Problem statement:
Output exactly the lines that run from the start of the records to the line with "shadow of 3d characters with", counting both ends, and skip the pictures.

Records from a dataset:

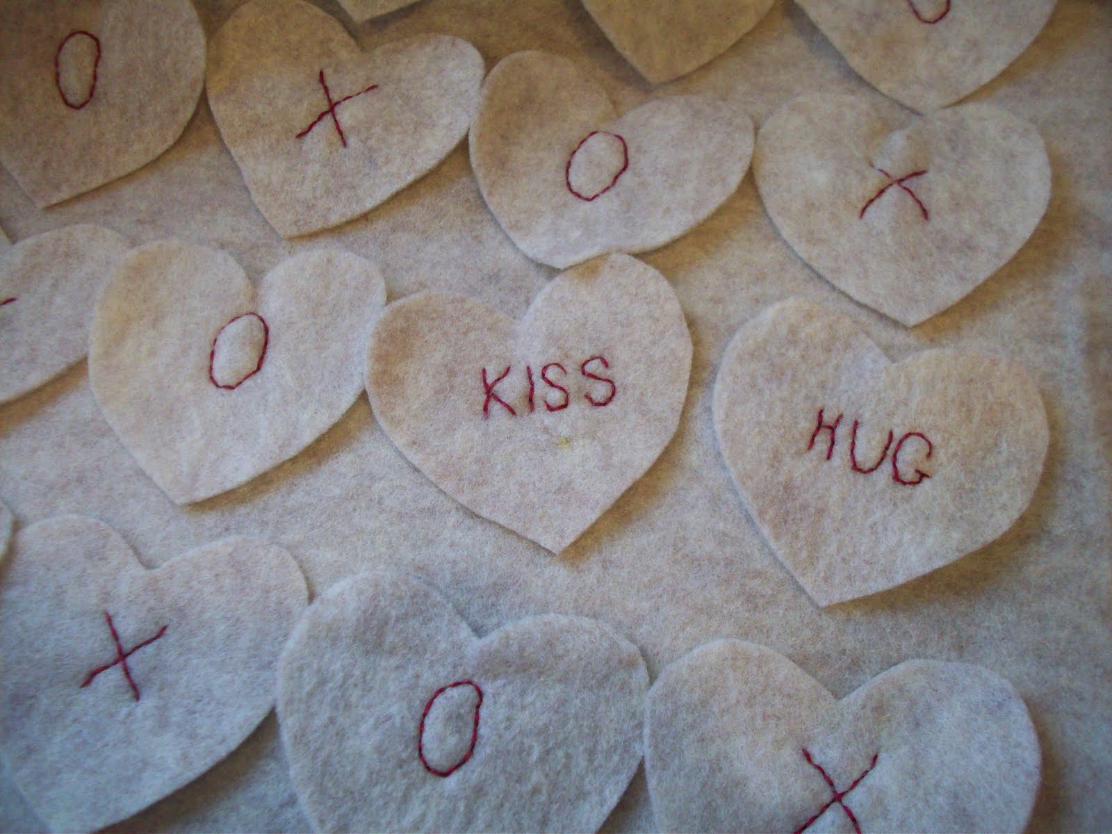 Next, I took three strands of embroidery floss and stitched X’s and O’s in alternating patterns in the center of the hearts.
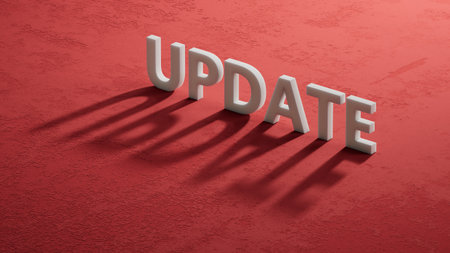 shadow of 3d characters with word update. close up of shadow of 3d characters, Business Concept. 3D rendering on red background.
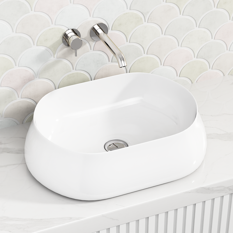 This 570x420x160mm oval ceramic above counter basin offers a modern and sophisticated look with its glossy white finish. Durable and easy to maintain, it will make a functional addition to any bathroom.
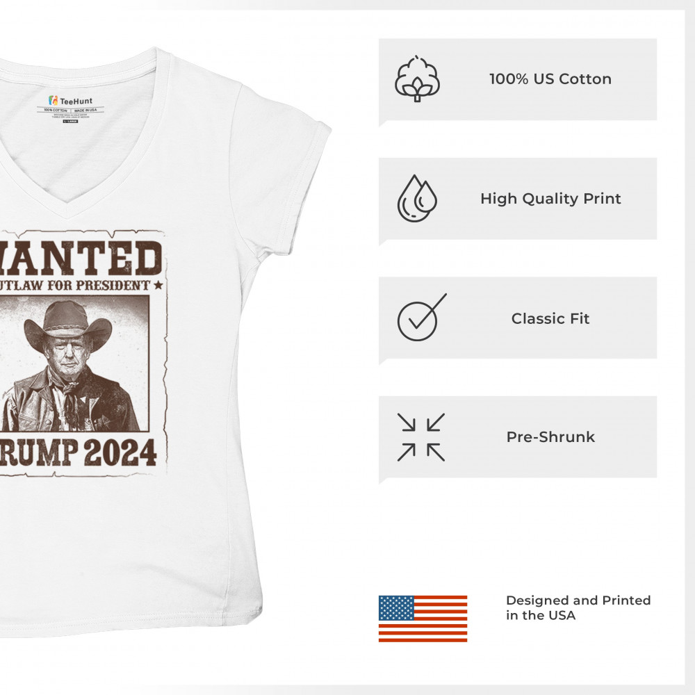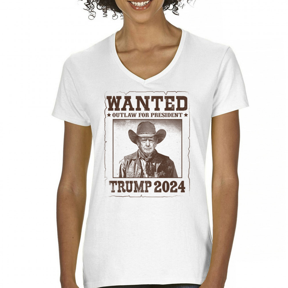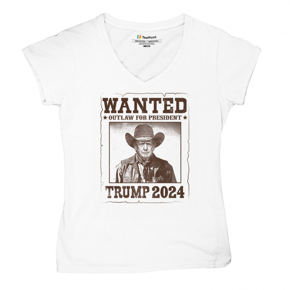 Bold "Wanted: Outlaw for President" design featuring Trump in cowboy attire, perfect for rally-goers and supporters. Express your support for the 2024 election.
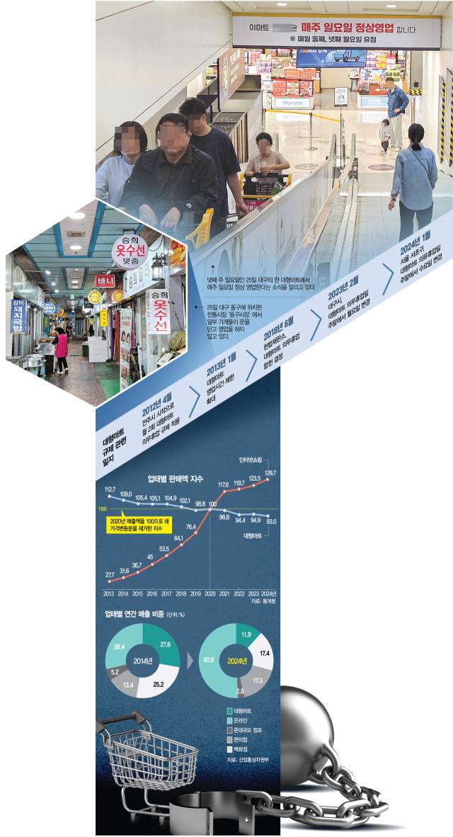 당초 법은 대형마트의 영업을 규제해 전통시장 및 전통 상점가를 활성화하겠다는 취지에서 마련됐다. 그러나 현실은 기대만큼 작동되지 못했다. 통계청에 따르면 전통시장은 대형마트 의무휴업 규제가 시행된 초기인 2013년 1502개에서 2023년 1393개로 109곳이 감소했다. 전통시장의 하루 평균 방문객은 2019년 5413명에서 2023년 3994명으로 26% 급감했다. 이마트·롯데마트·홈플러스 등 대형마트 3사의 점포도 2013년 대비 2023년 8곳 줄었다. 대형마트와 전통시장을 막론하고 오프라인 상권이 모두 내리막길을 걷고 있는 모양새다.
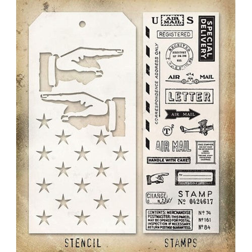 Tim Holtz Mixed Media Set includes clear stamps and a custom layering stencil designed to add texture and imagery to your creativity. Use with your favorite inks, paints, sprays, and pastes for endless mixed media possibilities.

Response area:
 Next, I took three strands of embroidery floss and stitched X’s and O’s in alternating patterns in the center of the hearts.
 shadow of 3d characters with word update. close up of shadow of 3d characters, Business Concept. 3D rendering on red background.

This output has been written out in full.